The Post-Gazette reports on the devil weed. For a little pull-quote scaremongering, they go to the local color:
"I'm not surprised that the use has stopped declining," said Holly Martin, chief operating officer at Greenbriar Treatment Center, an adult rehabilitation center in Washington, Pa., with facilities throughout the Pittsburgh area.Now I bear a bit of a personal grudge against the Greenbriar and its patent-medicine peddlers. My late brother spent some time in a Greenbriar residential facility before he died. He might as well have gone to a chiropractor for a broken spine. A hotbed of disgrace and recidivism, organizations like the Greenbriar are wormy parasites on the prison and insurance industries, catering to down-and-outs on early release, spouse-abusers on strict probation, and kids like my brother, whose family-funded insurance provides a nice incremental revenue stream. As a model of healing, these centers are quakery in its purest form, combining fast detox with bowdlerized twelve-step-ism, the former presuming that temporary abstinence is an act of willful change rather than mere time-biding, the latter turning the rigor of self-directed recovery into hortatory group-meeting feel-goodism.

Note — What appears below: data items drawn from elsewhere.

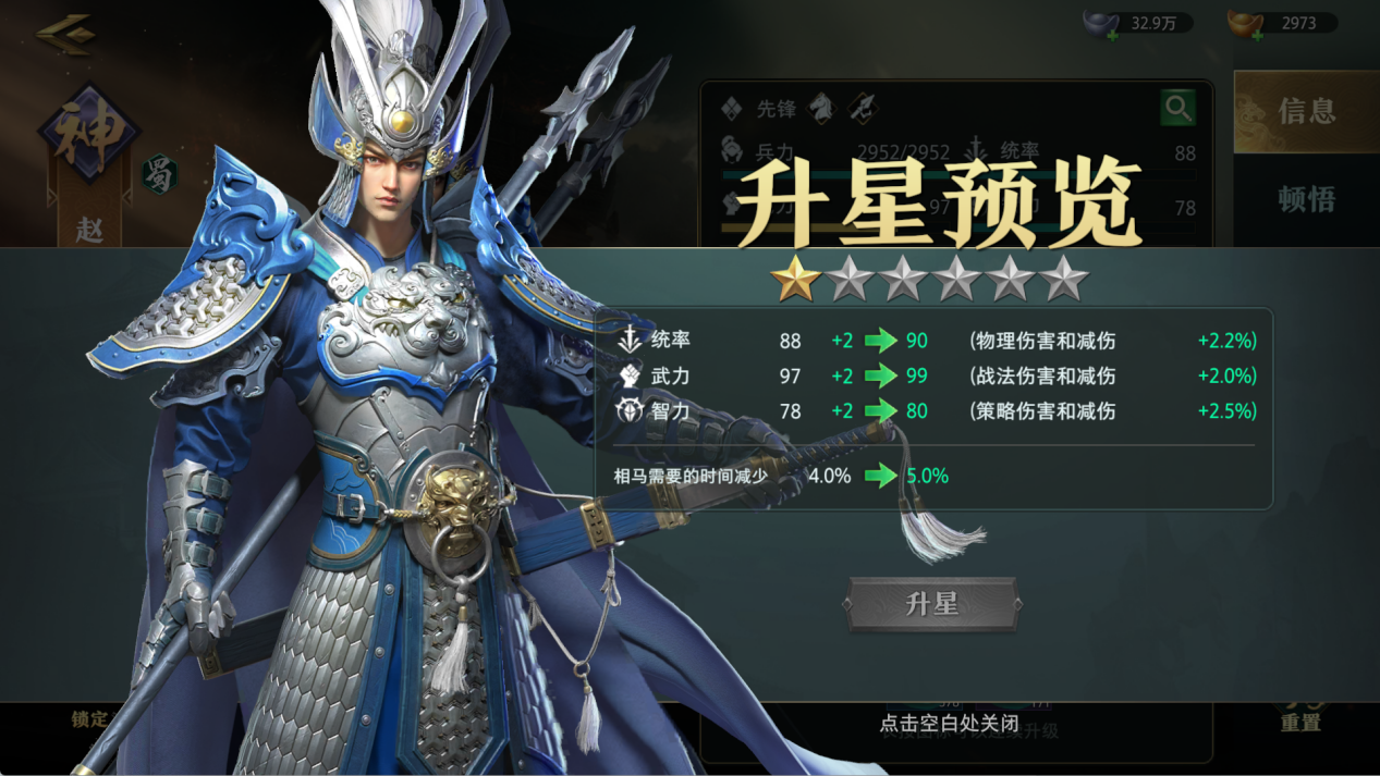 武将升星可增加武将的统帅、武力、智力属性效果,具体获得属性为升星消耗÷10,同时提升每个武将专属的内政效果。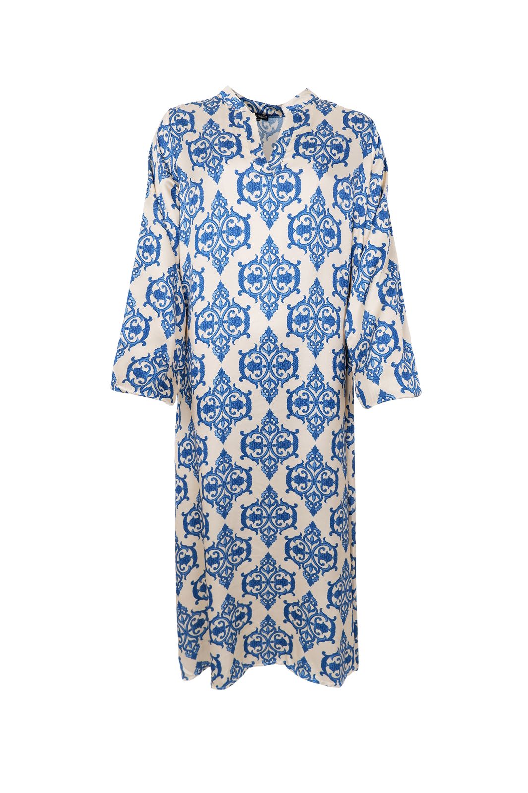 Satinkjole fra Black Colour med blått mønster på offwhite bakgrunn. Kjolen er laget av 100 % viskose og har V-hals samt trekvartlange ermer.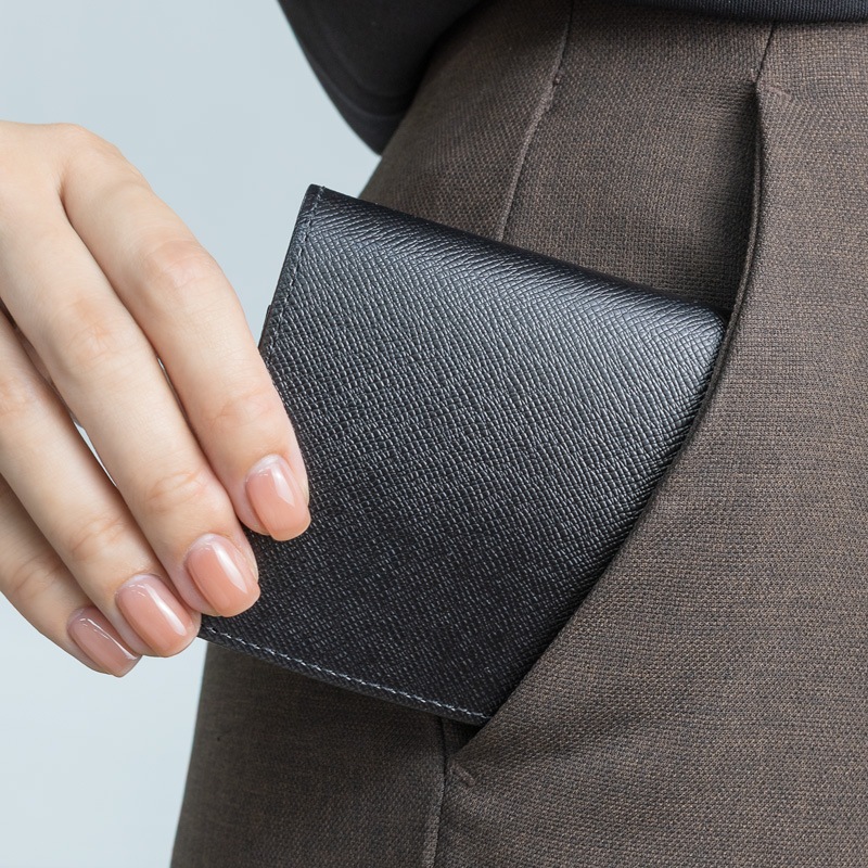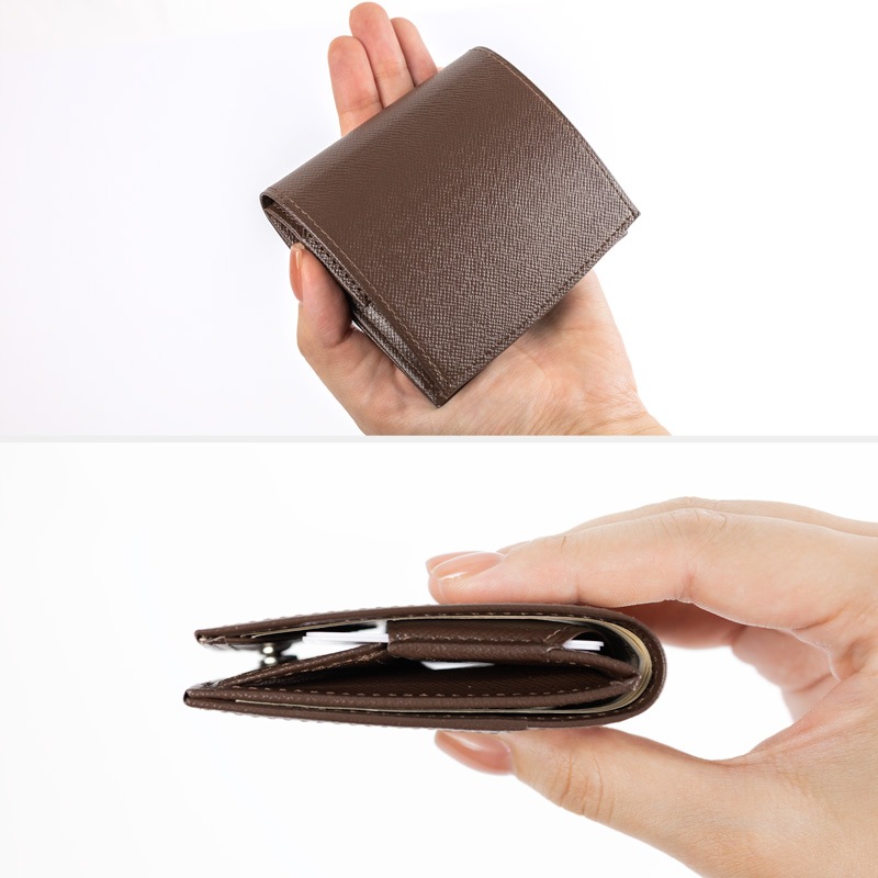 コンパクトながらお札10枚、小銭15枚、カード4枚が入る収納力を備えており、左右対称なデザインで利き手がどちらでも快適に使用できます。

"We're seeing more and more younger folks who are admitting to using" marijuana, she said. These younger adults usually range in age from 18 to 25, and many behave as though using marijuana is not that serious.
"People don't see it as a big deal," she said. "That's the thing that's the scariest."
While I personally find the sometimes strident book-thumping of the more vocal twelve-step proponents off-putting and think that Crispin's insights (which I've linked before) into both the strengths and the contradictions of AA ands its brethren are fairly spot on, I want to emphasize a separate praisworthy point about these programs, aside from Crispin's very true note about their admirably anarchist organization: they are not advocates. In part, this is a necessary function (lack of function?) of their innate anarchy. Without leaders and spokespeople, without a capital-O Organization, without a governing body or a system of overall consensus, the program can generate no positions. But I think it worth mentioning nonetheless that AA and NA and al-Anon and others are not prohibitionist. They assume the existence of drugs and alcohol. They do not presume that anyone who drinks is an alcoholic or that anyone who uses drugs is an addict; they do not lament the existence of drugs and alcohol anymore than overeaters anonymous laments the existence of food or gravity.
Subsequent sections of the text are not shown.